▸ Input data:
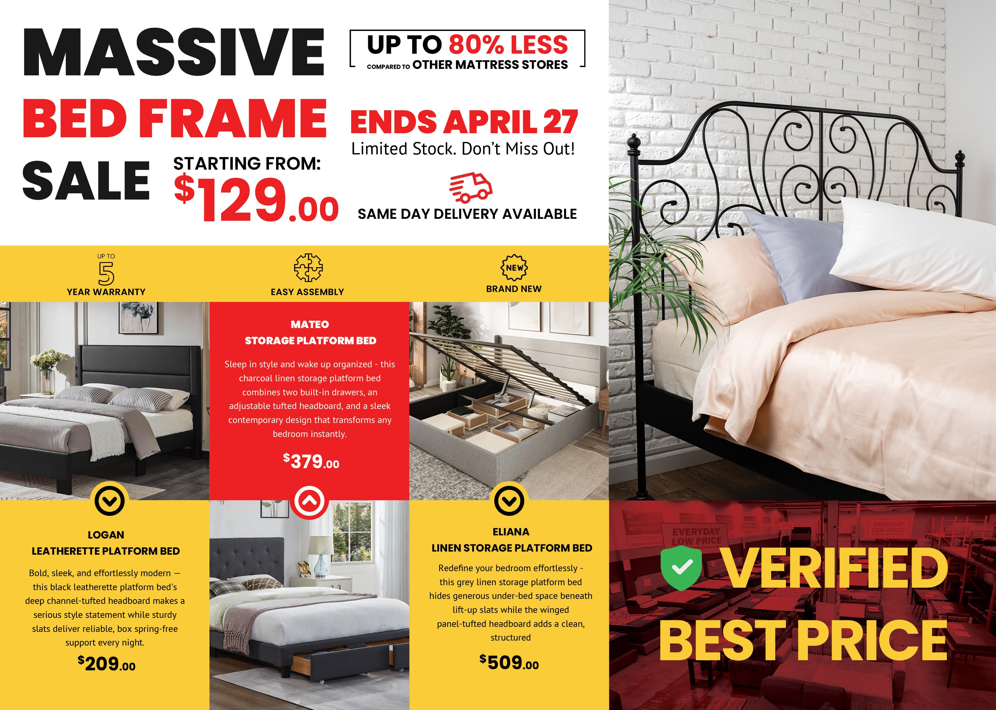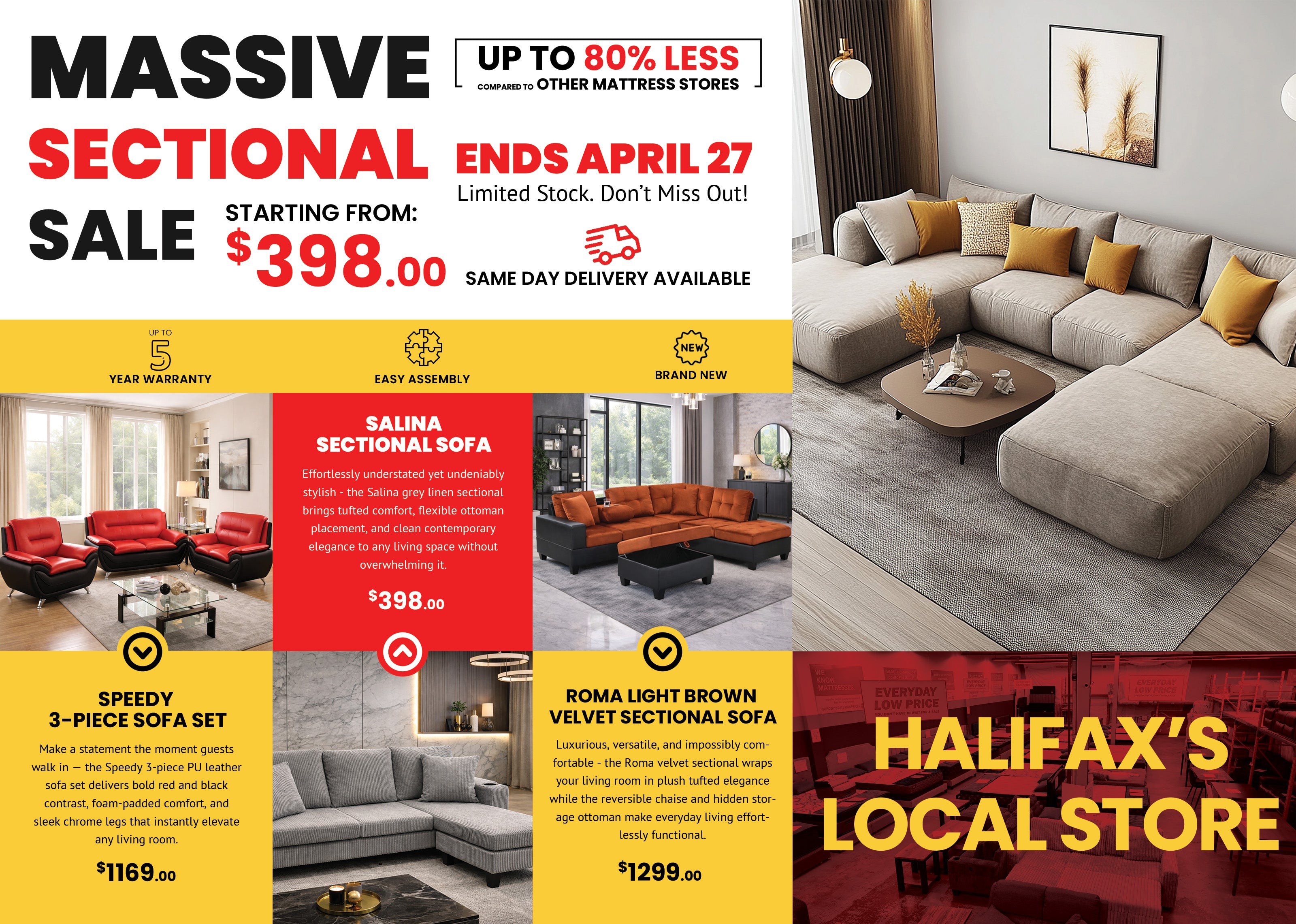 Same day local delivery banner for in-stock mattress and furniture items across Halifax
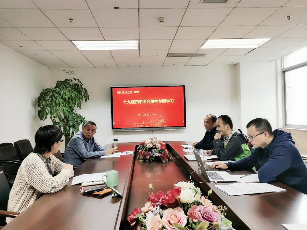 班子成员召开专题学习会,传达学习十九届四中全会精神。在前期自学的基础上,班子成员就全会公报和《中共中央关于坚持和完善中国特色社会主义制度推进国家治理体系和治理能力现代化若干重大问题的决定》分别谈了学习感想与体会。
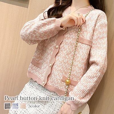カーディガン レディース パールボタンニットカーディガン ベージュ 黒 長袖 ロング きれいめ 暖かい ゆったり ニット 丸首 ウール 人気 フリース 秋 Vネック ショート丈 大きいサイズ ブラック | OPEN-korea

▸ Exercise requirements: The answer must be an exact copy of the lines from the one with "班子成员召开专题学习会,传达" through the final line above, both ends included, and nothing else; pictures stay out.

▸ Result of this exercise:
 班子成员召开专题学习会,传达学习十九届四中全会精神。在前期自学的基础上,班子成员就全会公报和《中共中央关于坚持和完善中国特色社会主义制度推进国家治理体系和治理能力现代化若干重大问题的决定》分别谈了学习感想与体会。
カーディガン レディース パールボタンニットカーディガン ベージュ 黒 長袖 ロング きれいめ 暖かい ゆったり ニット 丸首 ウール 人気 フリース 秋 Vネック ショート丈 大きいサイズ ブラック | OPEN-korea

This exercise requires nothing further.